▶ **Material provided**:
# # # #
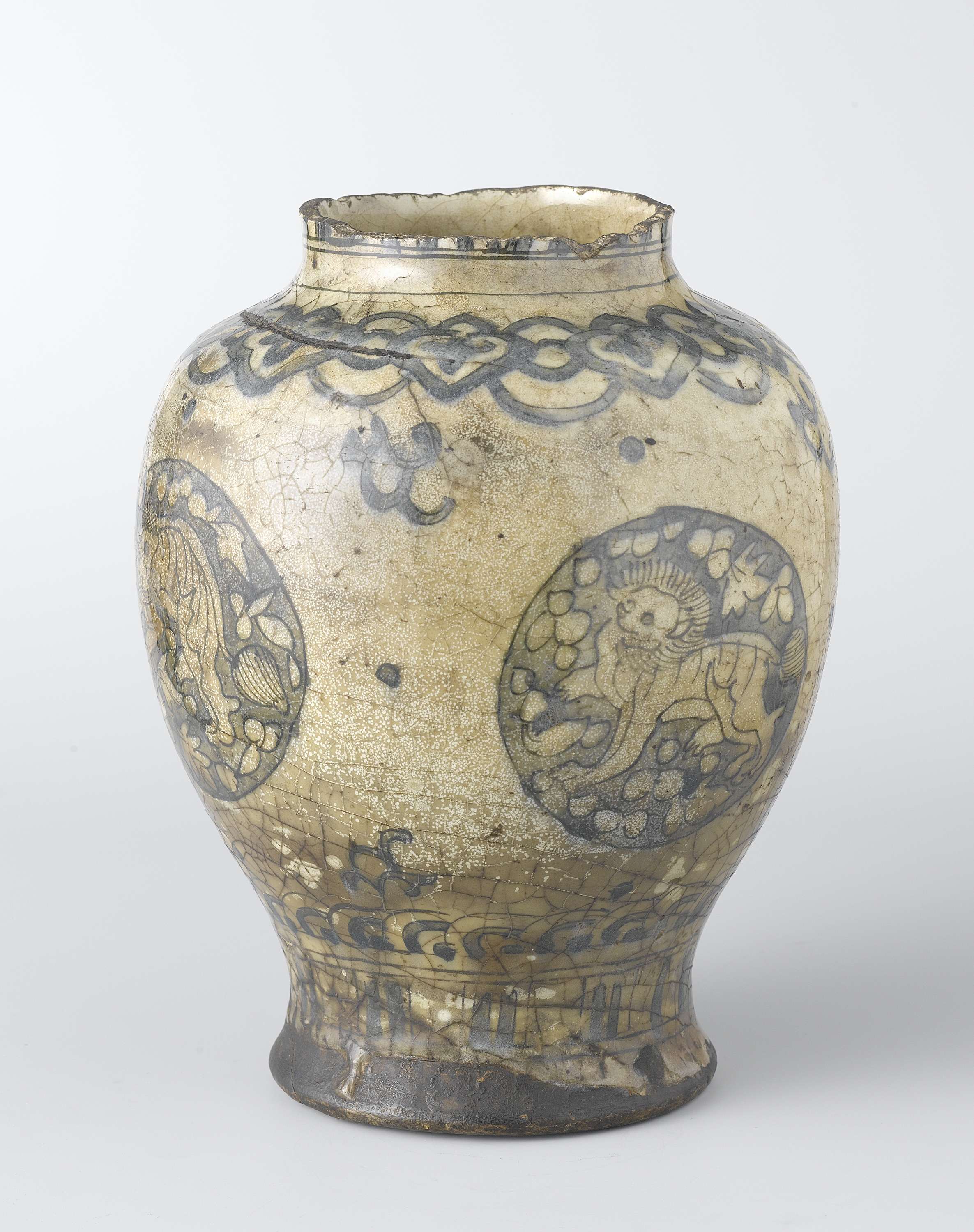 Round-bodied jar with oxen, scrolls and geometric pa...
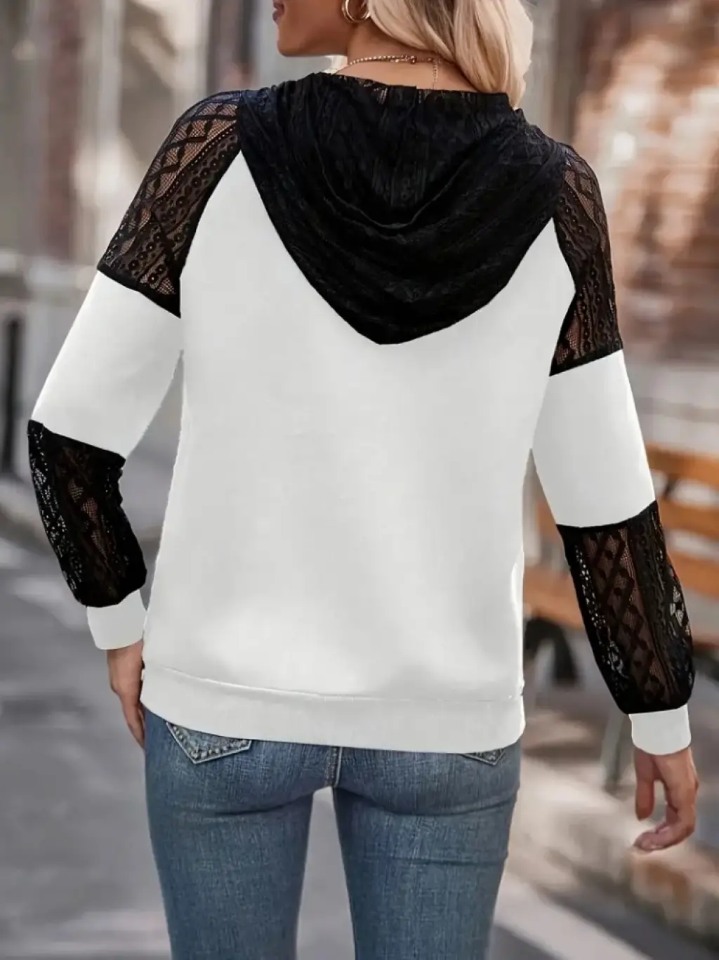Kadın Uzun Kollu Dantelli Kapşonlu Viskon Iki Iplik Bluz
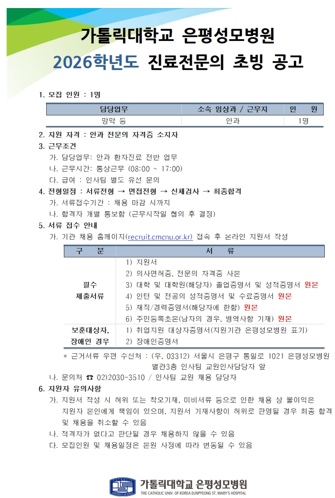 [ÀºÆò¼º¸ð] 2026Çг⵵ ¾È°ú Áø·áÀü¹®ÀÇ Ãʺù °ø°í
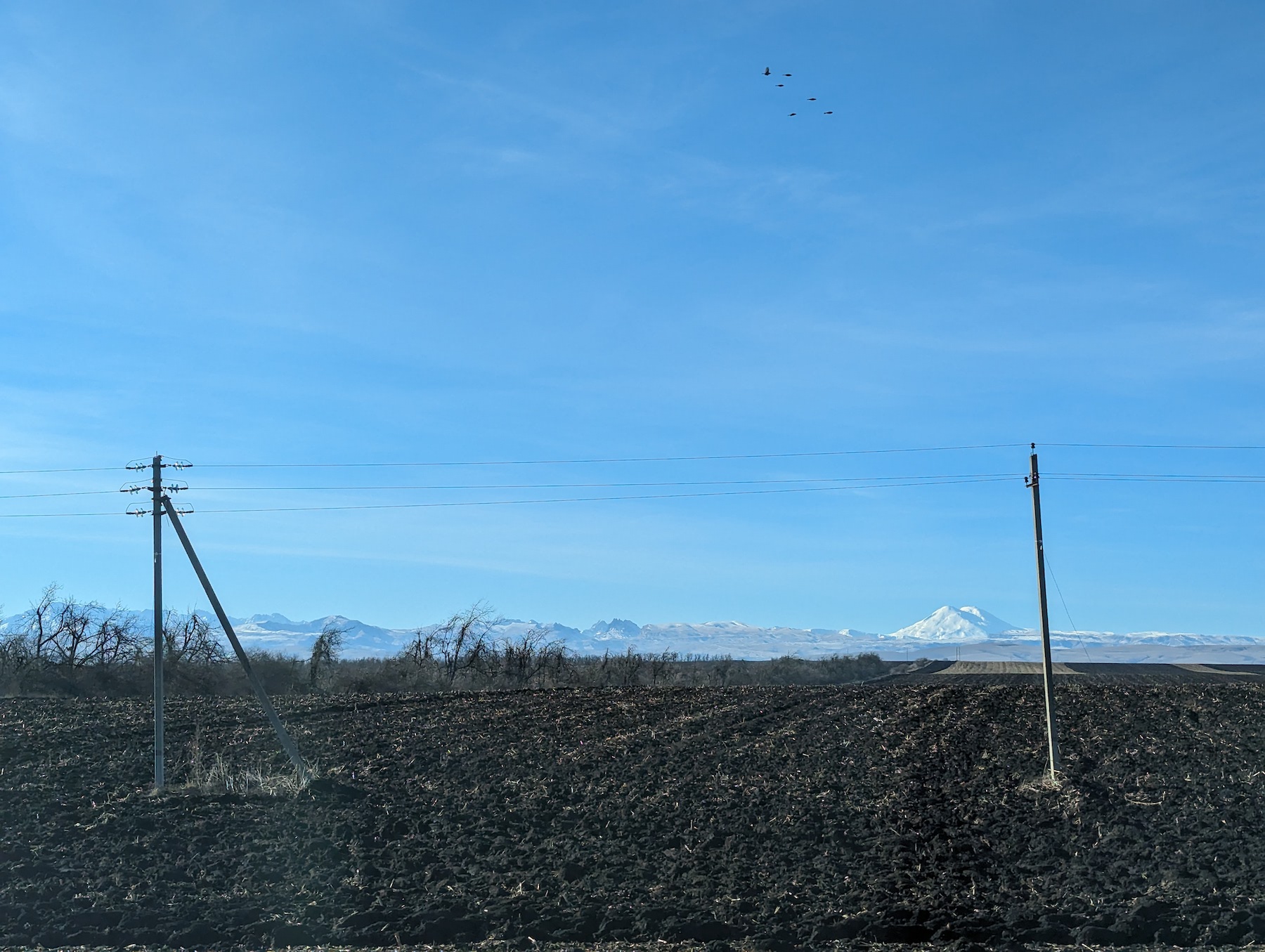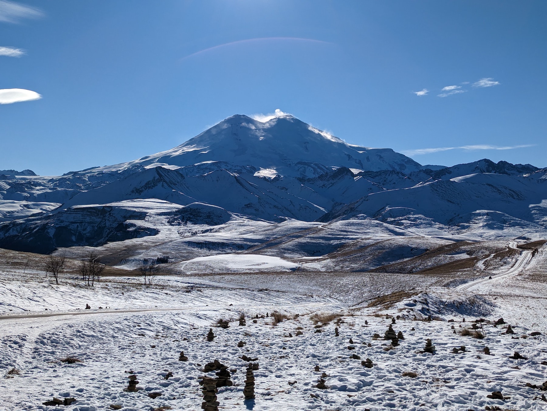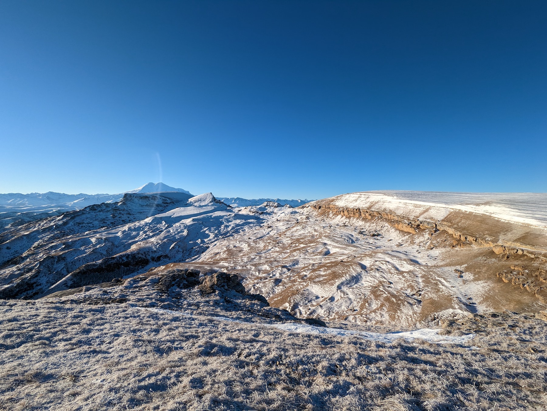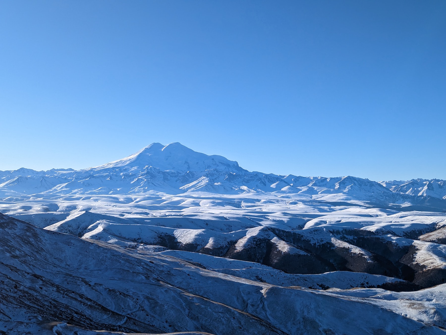 Хребет Кавказских гор и Эльбрус — мы их еще не раз встретим.
# # # #
▶ **Exercise brief**: Write the listing out exactly, apart from its pictures.

▶ **Exercise output**:
 Round-bodied jar with oxen, scrolls and geometric pa...
Kadın Uzun Kollu Dantelli Kapşonlu Viskon Iki Iplik Bluz
 [ÀºÆò¼º¸ð] 2026Çг⵵ ¾È°ú Áø·áÀü¹®ÀÇ Ãʺù °ø°í
 Хребет Кавказских гор и Эльбрус — мы их еще не раз встретим.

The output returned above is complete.